Items from a dataset

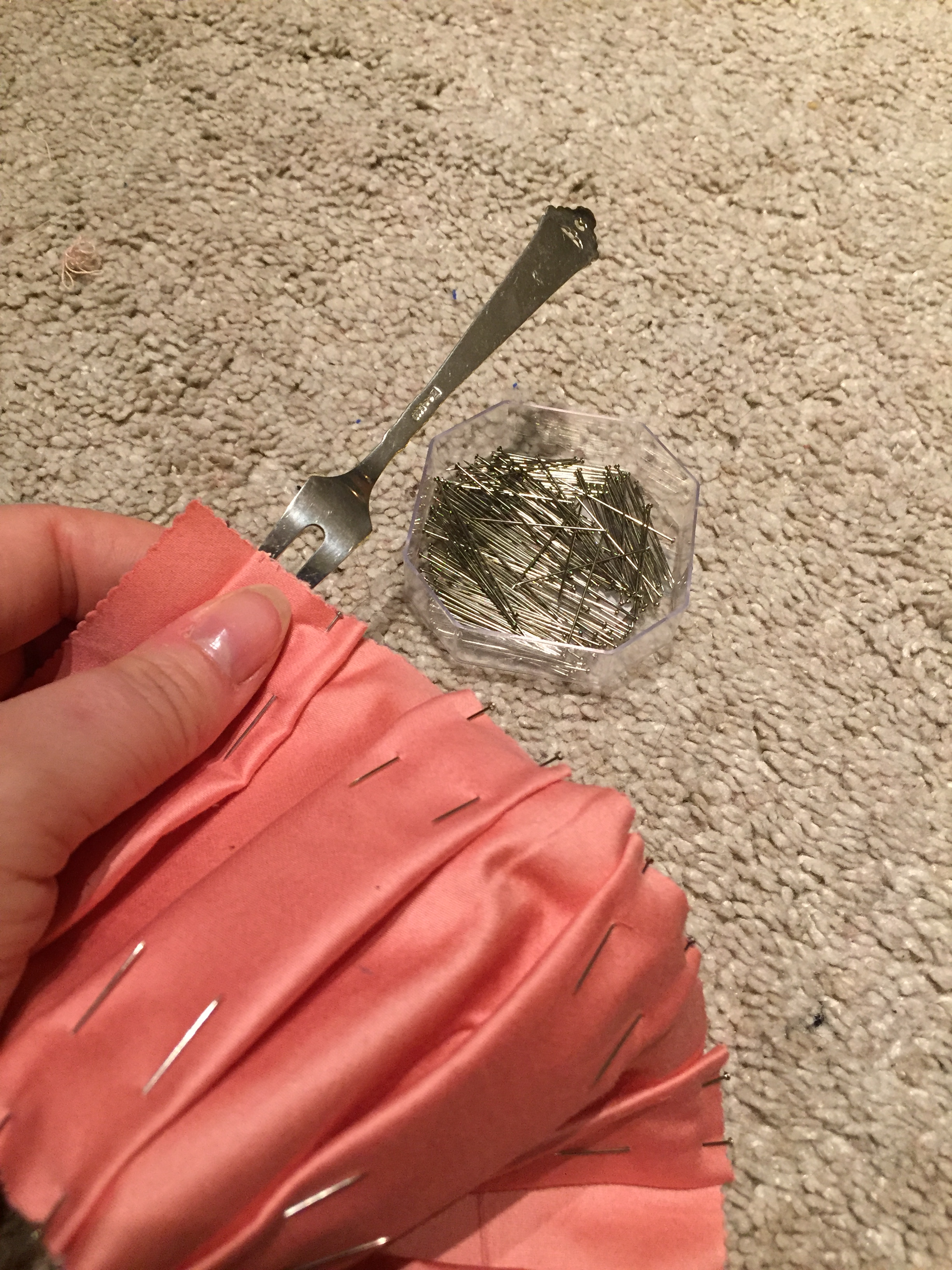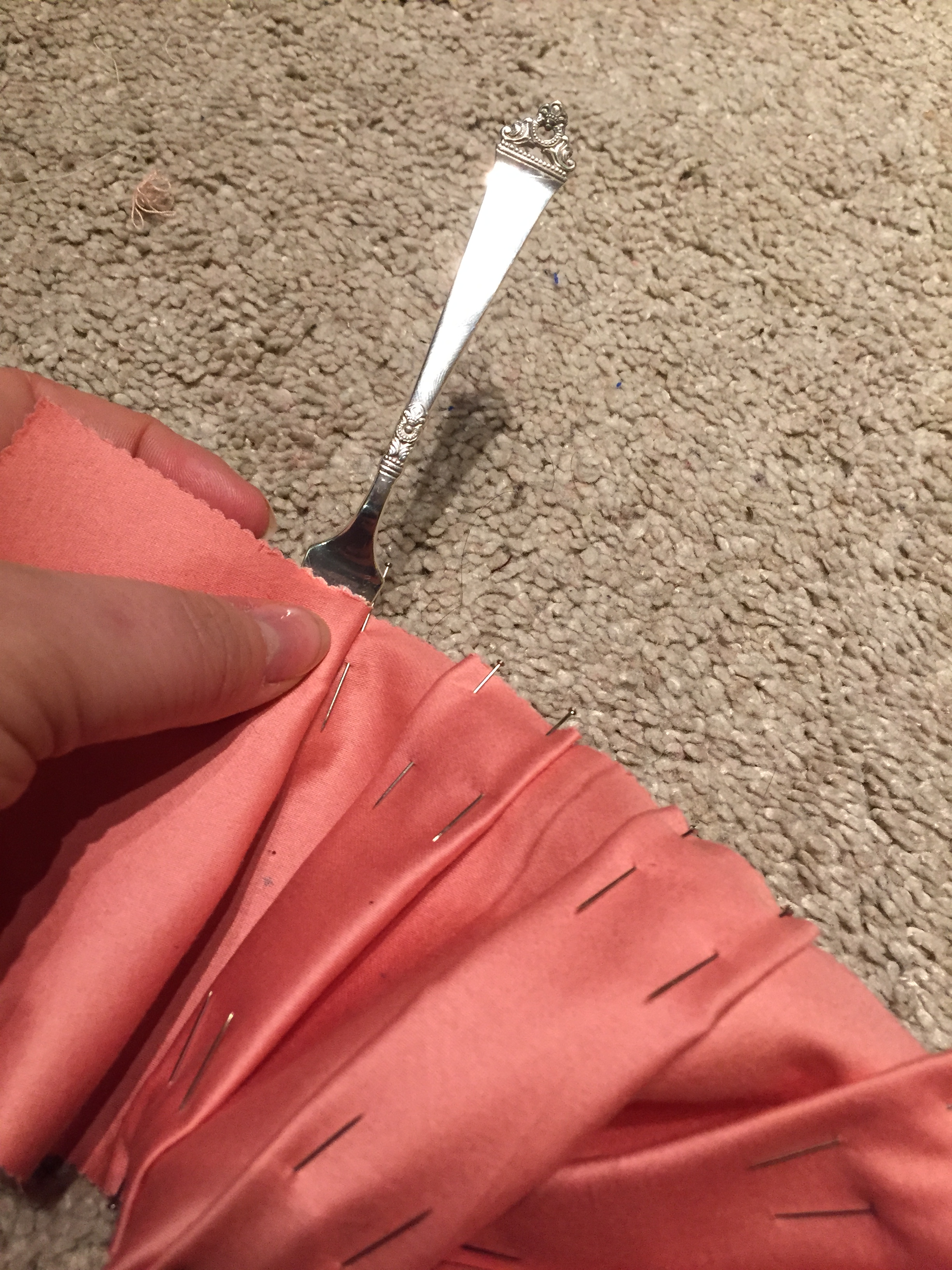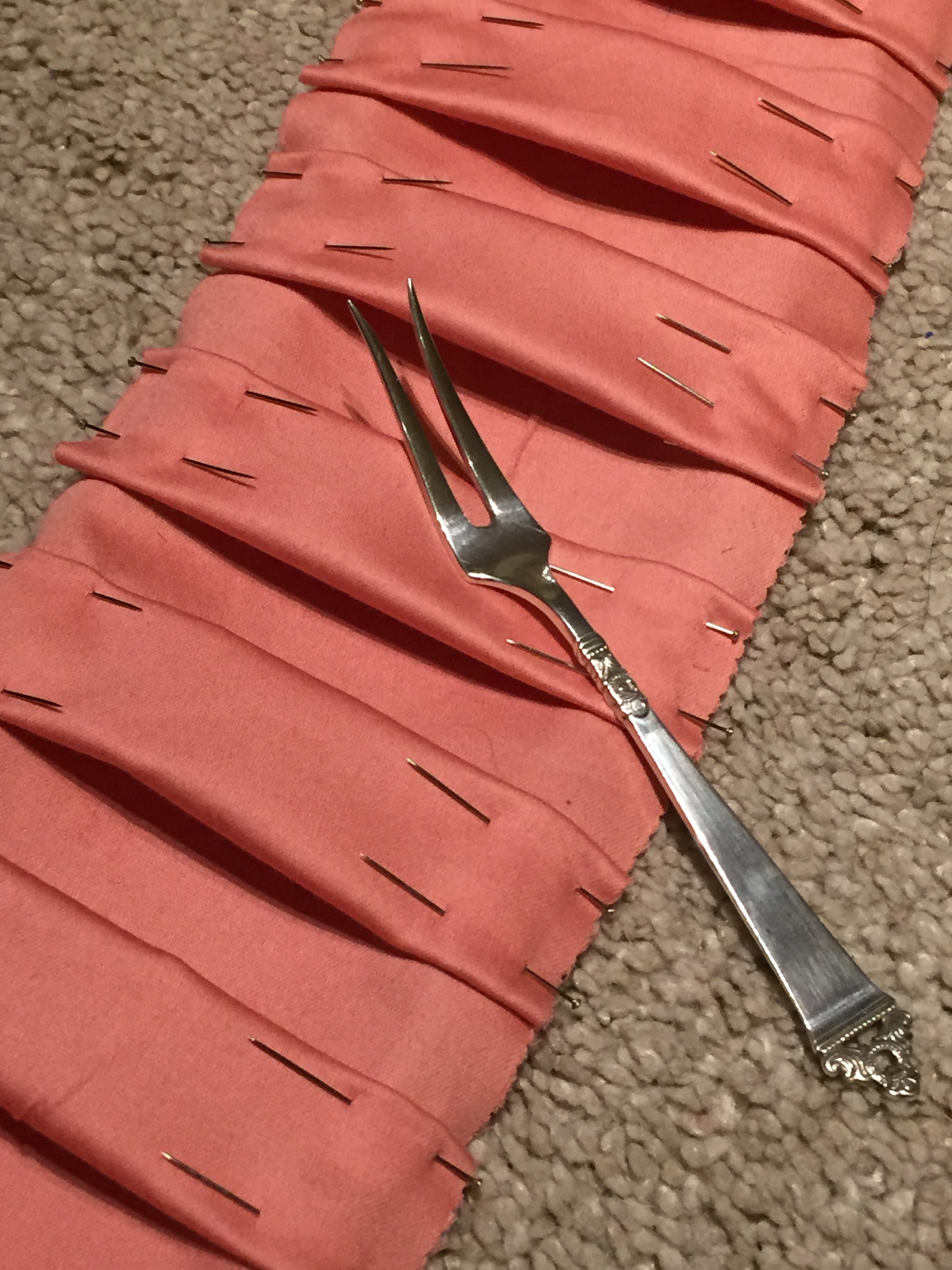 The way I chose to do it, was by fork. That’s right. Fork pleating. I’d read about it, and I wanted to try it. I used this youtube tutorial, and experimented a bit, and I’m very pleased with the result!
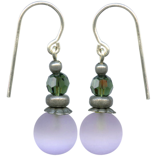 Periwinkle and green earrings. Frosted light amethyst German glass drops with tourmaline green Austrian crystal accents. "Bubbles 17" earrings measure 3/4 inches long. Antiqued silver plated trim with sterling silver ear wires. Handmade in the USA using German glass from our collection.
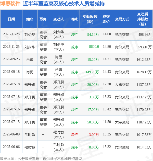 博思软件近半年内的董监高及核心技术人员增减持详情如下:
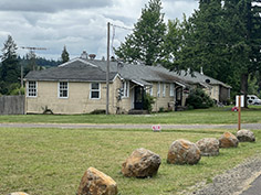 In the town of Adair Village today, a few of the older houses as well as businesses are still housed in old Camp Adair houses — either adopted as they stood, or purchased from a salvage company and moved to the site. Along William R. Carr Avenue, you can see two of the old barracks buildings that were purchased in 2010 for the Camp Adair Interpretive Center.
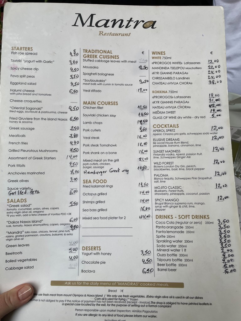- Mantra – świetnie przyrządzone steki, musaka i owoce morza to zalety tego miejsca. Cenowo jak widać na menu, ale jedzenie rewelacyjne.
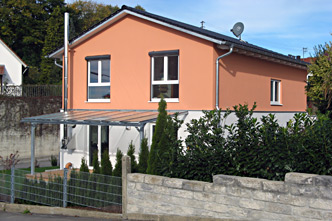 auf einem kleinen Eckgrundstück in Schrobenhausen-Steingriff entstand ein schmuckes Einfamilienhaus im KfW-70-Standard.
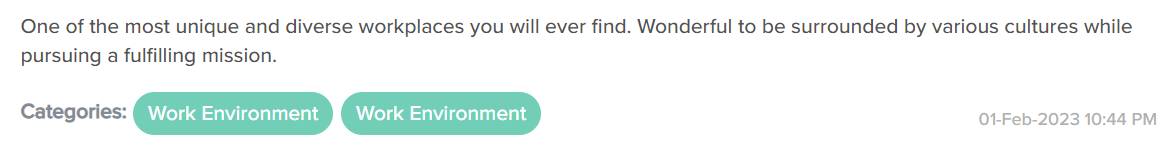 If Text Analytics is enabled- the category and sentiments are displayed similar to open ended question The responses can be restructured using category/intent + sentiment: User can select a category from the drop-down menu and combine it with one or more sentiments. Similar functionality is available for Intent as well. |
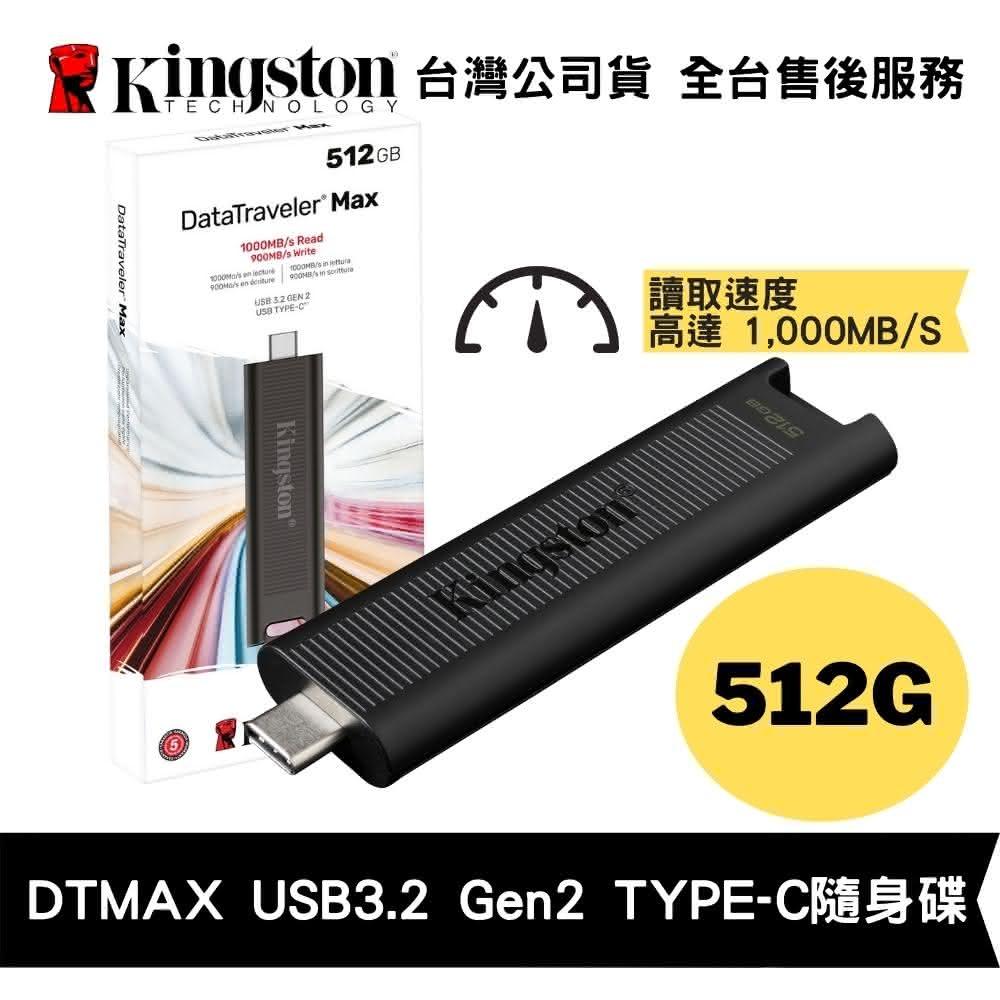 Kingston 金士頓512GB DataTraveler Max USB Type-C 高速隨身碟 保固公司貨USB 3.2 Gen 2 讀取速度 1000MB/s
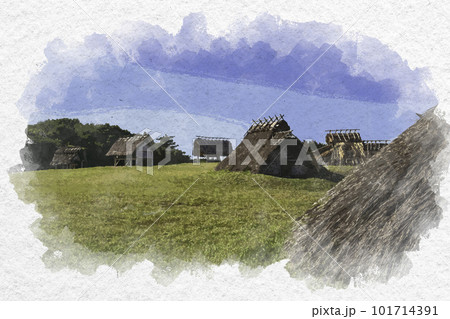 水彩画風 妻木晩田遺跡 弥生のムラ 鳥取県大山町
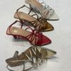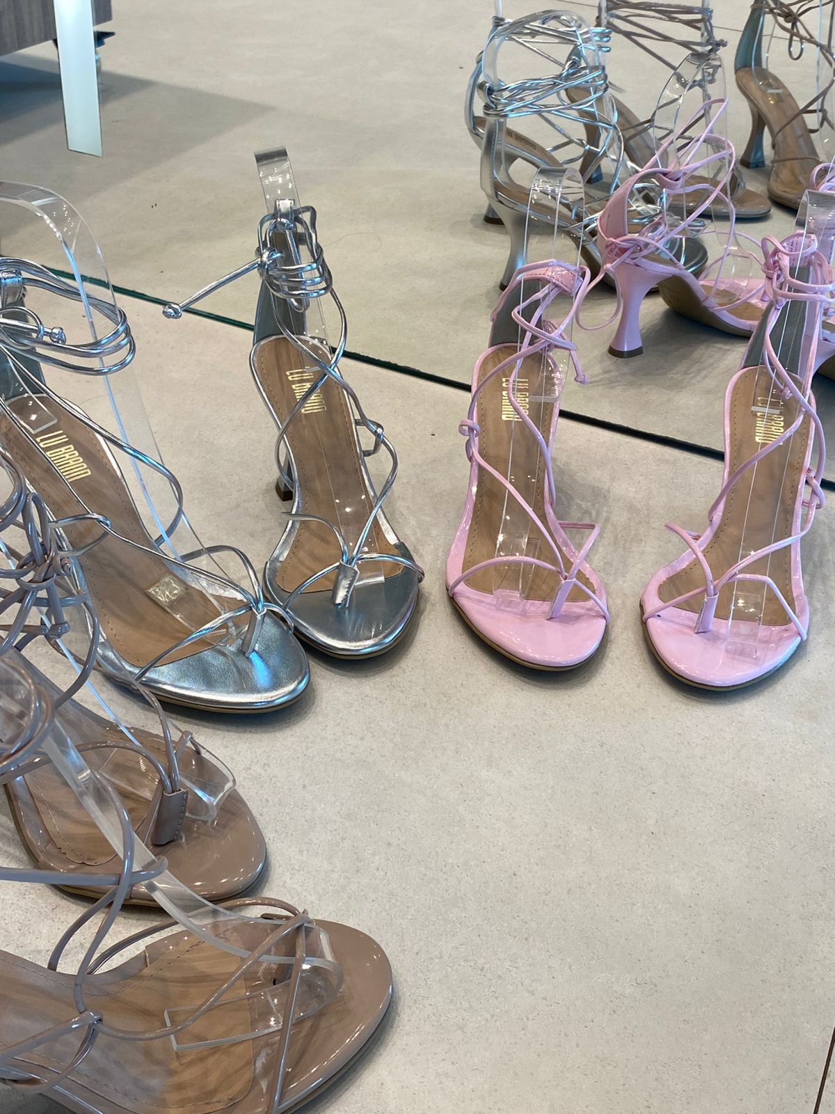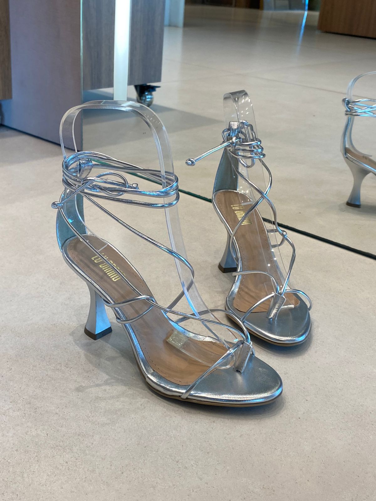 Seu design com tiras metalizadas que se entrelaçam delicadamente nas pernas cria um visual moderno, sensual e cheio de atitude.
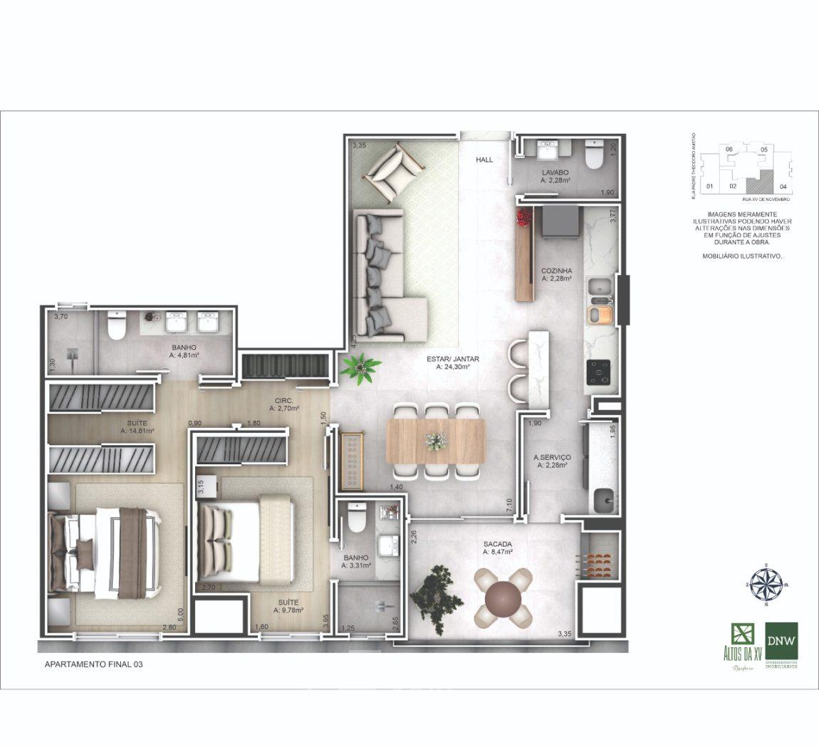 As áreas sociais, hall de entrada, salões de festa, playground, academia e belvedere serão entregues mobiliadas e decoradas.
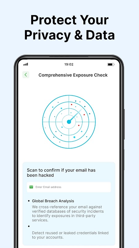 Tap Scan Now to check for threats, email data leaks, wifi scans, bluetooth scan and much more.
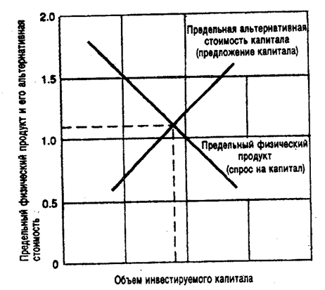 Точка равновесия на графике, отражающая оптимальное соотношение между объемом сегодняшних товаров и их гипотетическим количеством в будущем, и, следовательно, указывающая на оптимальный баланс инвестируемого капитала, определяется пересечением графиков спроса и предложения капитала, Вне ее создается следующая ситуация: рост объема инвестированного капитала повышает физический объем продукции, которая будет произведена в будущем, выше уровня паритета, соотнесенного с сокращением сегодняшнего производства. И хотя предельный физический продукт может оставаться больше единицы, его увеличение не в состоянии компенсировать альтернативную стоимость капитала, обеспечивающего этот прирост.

◆ **WORK TO COMPLETE**: Give every entry again verbatim, with no pictures.

◆ **SOLUTION FOR THIS TASK**:
 The way I chose to do it, was by fork. That’s right. Fork pleating. I’d read about it, and I wanted to try it. I used this youtube tutorial, and experimented a bit, and I’m very pleased with the result!
 Periwinkle and green earrings. Frosted light amethyst German glass drops with tourmaline green Austrian crystal accents. "Bubbles 17" earrings measure 3/4 inches long. Antiqued silver plated trim with sterling silver ear wires. Handmade in the USA using German glass from our collection.
 博思软件近半年内的董监高及核心技术人员增减持详情如下:
 In the town of Adair Village today, a few of the older houses as well as businesses are still housed in old Camp Adair houses — either adopted as they stood, or purchased from a salvage company and moved to the site. Along William R. Carr Avenue, you can see two of the old barracks buildings that were purchased in 2010 for the Camp Adair Interpretive Center.
- Mantra – świetnie przyrządzone steki, musaka i owoce morza to zalety tego miejsca. Cenowo jak widać na menu, ale jedzenie rewelacyjne.
 auf einem kleinen Eckgrundstück in Schrobenhausen-Steingriff entstand ein schmuckes Einfamilienhaus im KfW-70-Standard.
 If Text Analytics is enabled- the category and sentiments are displayed similar to open ended question The responses can be restructured using category/intent + sentiment: User can select a category from the drop-down menu and combine it with one or more sentiments. Similar functionality is available for Intent as well. |
 Kingston 金士頓512GB DataTraveler Max USB Type-C 高速隨身碟 保固公司貨USB 3.2 Gen 2 讀取速度 1000MB/s
 水彩画風 妻木晩田遺跡 弥生のムラ 鳥取県大山町
 Seu design com tiras metalizadas que se entrelaçam delicadamente nas pernas cria um visual moderno, sensual e cheio de atitude.
 As áreas sociais, hall de entrada, salões de festa, playground, academia e belvedere serão entregues mobiliadas e decoradas.
 Tap Scan Now to check for threats, email data leaks, wifi scans, bluetooth scan and much more.
 Точка равновесия на графике, отражающая оптимальное соотношение между объемом сегодняшних товаров и их гипотетическим количеством в будущем, и, следовательно, указывающая на оптимальный баланс инвестируемого капитала, определяется пересечением графиков спроса и предложения капитала, Вне ее создается следующая ситуация: рост объема инвестированного капитала повышает физический объем продукции, которая будет произведена в будущем, выше уровня паритета, соотнесенного с сокращением сегодняшнего производства. И хотя предельный физический продукт может оставаться больше единицы, его увеличение не в состоянии компенсировать альтернативную стоимость капитала, обеспечивающего этот прирост.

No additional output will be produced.